Cárcel y multas para quienes financien las redes

El proyecto de Bassa intenta llenar lo que sus autores consideran un vacío de la legislación chilena. La propuesta no persigue al usuario individual que expresa una determinada opinión ni establece sanciones dependiendo de si una información es verdadera o falsa.

Lo que busca penalizar es la infraestructura organizada del engaño.

La iniciativa establece que será sancionado quien contrate, organice, administre o financie una red de cuentas de redes sociales o perfiles digitales automatizados, falsos o supuestos destinada a simular opinión pública o participación política e incidir en elecciones o plebiscitos, así como a fabricar artificialmente apoyo o rechazo hacia personas, candidaturas, partidos, políticas públicas o iniciativas legislativas.

La pena propuesta es de presidio menor en su grado medio a máximo, es decir, desde 541 días hasta cinco años, además de una multa fiscal equivalente al doble del valor de los dispositivos o servicios digitales contratados.

La iniciativa contempla además agravantes cuando estas operaciones se realicen como parte de una actividad comercial organizada o con ánimo de lucro, o cuando tengan por finalidad afectar la honra o dignidad de una persona determinada. En esos casos deberá aplicarse la pena en su grado máximo.

El límite: no penalizar las opiniones

El proyecto entra en un terreno especialmente delicado porque cualquier regulación del debate político en internet puede entrar en tensión con la libertad de expresión.

Por ello, sus fundamentos establecen expresamente que la iniciativa no pretende regular el contenido de la información difundida en las plataformas digitales.

Una opinión política —verdadera, falsa, favorable u ofensiva— expresada por una persona real no quedaría comprendida en esta nueva figura penal.
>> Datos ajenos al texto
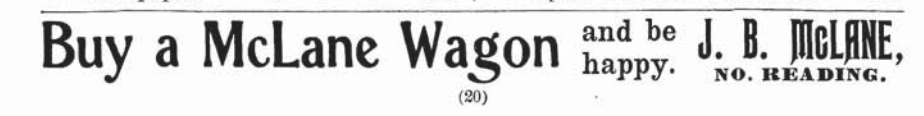 As his blacksmith business grew (see below), he bought an adjoining building and began building wagons. The Town of North Reading purchased one of the first wagons made by McLane for the use of the local police constable (who also served as fire warden, cattle inspector, and sealer of weights and measures).
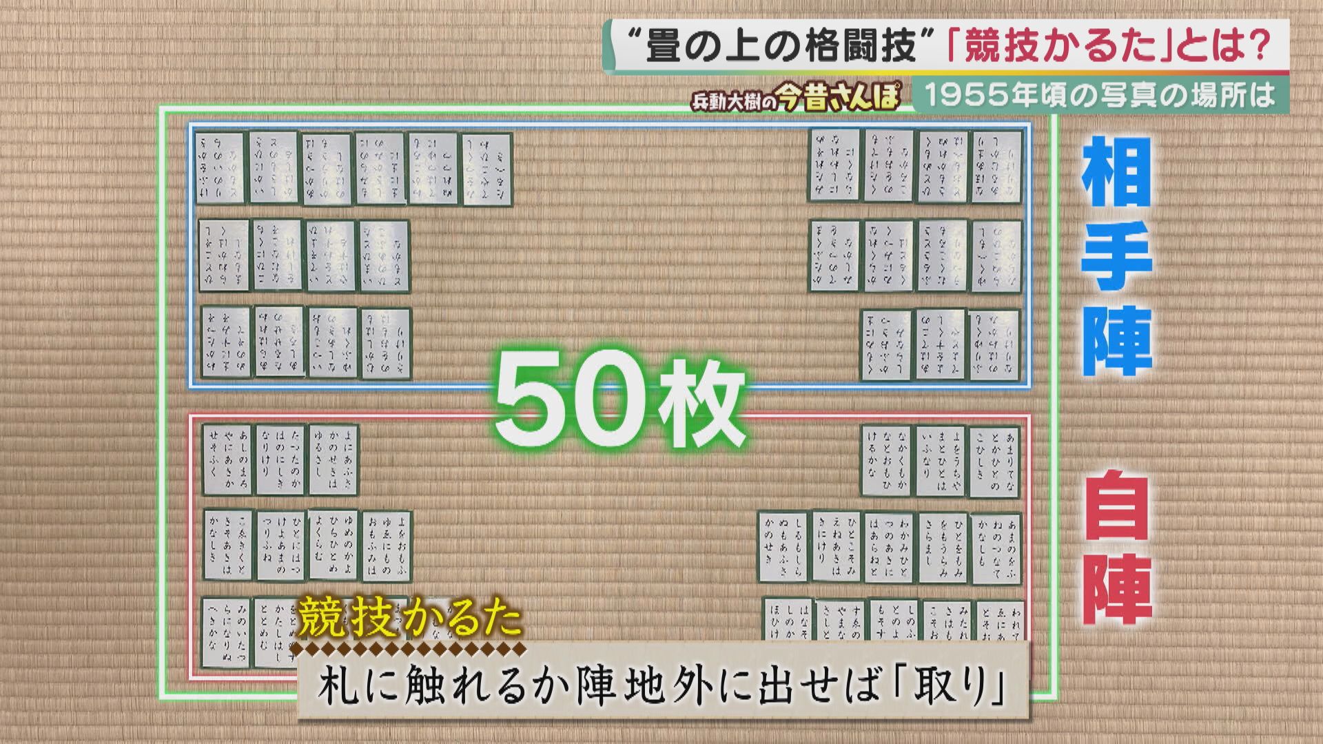 ルールが分かったところで、兵動さんも競技かるたに挑戦します。対するは、五段の五條さん。ハンデとして兵動さんの陣地には1枚だけ。さっきカルタくじで引いた「有馬山…」の一首です。いざ勝負!

La conducta sancionada sería la creación deliberada de una estructura de identidades inexistentes destinada a engañar a los ciudadanos respecto de la existencia de un determinado respaldo social.

“Un mismo mensaje político, verdadero o falso, no es alcanzado por esta ley cuando es expresado por una persona real que no oculta su identidad”, señala la fundamentación. Lo que se pretende perseguir es la utilización organizada de cuentas que “simula ser lo que no es”.
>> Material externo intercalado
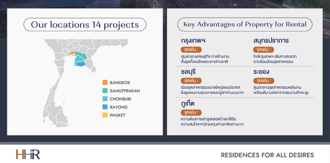 HHR เป็นกลุ่มธุรกิจกลางน้ำ (Living Services) ที่ให้บริการที่เกี่ยวกับการอยู่อาศัยและการใช้ชีวิตหลังจากโครงการแล้วเสร็จ โดยเฉพาะการให้บริหารจัดการ Residential Property และ Service Apartment ปัจจุบัน HHR ได้ขยายพอร์ตโฟลิโอเดิมที่รับบริหารอยู่ 10 โครงการ เพิ่มเป็น 14 โครงการในไตรมาส 1/2569 นี้ ทำให้มีจำนวนห้องพักรวมกว่า 2,000 ยูนิต ครอบคลุม 5 เมืองใหญ่ในพื้นที่เศรษฐกิจและการท่องเที่ยวเที่ยวทั้งในกรุงเทพฯ, สมุทรปราการ, ชลบุรี, ระยอง และภูเก็ต

La iniciativa sostiene además que la regulación debería tener un carácter transversal. Las redes de identidades falsas pueden ser utilizadas por cualquier sector político y, por tanto, proteger la autenticidad del debate democrático no debería depender de quién resulte beneficiado o perjudicado por una operación determinada.

El proyecto abre así una discusión que hasta ahora había avanzado en Chile principalmente a través de investigaciones periodísticas, académicas y denuncias judiciales: si la fabricación industrial de una opinión pública inexistente mediante ejércitos de identidades digitales falsas debe continuar siendo considerada simplemente una estrategia de comunicación política o pasar a constituir un delito.

La discusión adquiere particular relevancia después del caso Cerimedo. Más allá de cuánto pueda demostrarse finalmente sobre la influencia efectiva de estas operaciones en las decisiones electorales, las investigaciones conocidas durante las últimas semanas han dejado instalada una pregunta más profunda: quién organiza, quién financia y quién se beneficia políticamente de las redes destinadas a hacer pasar propaganda coordinada por opinión espontánea de los ciudadanos.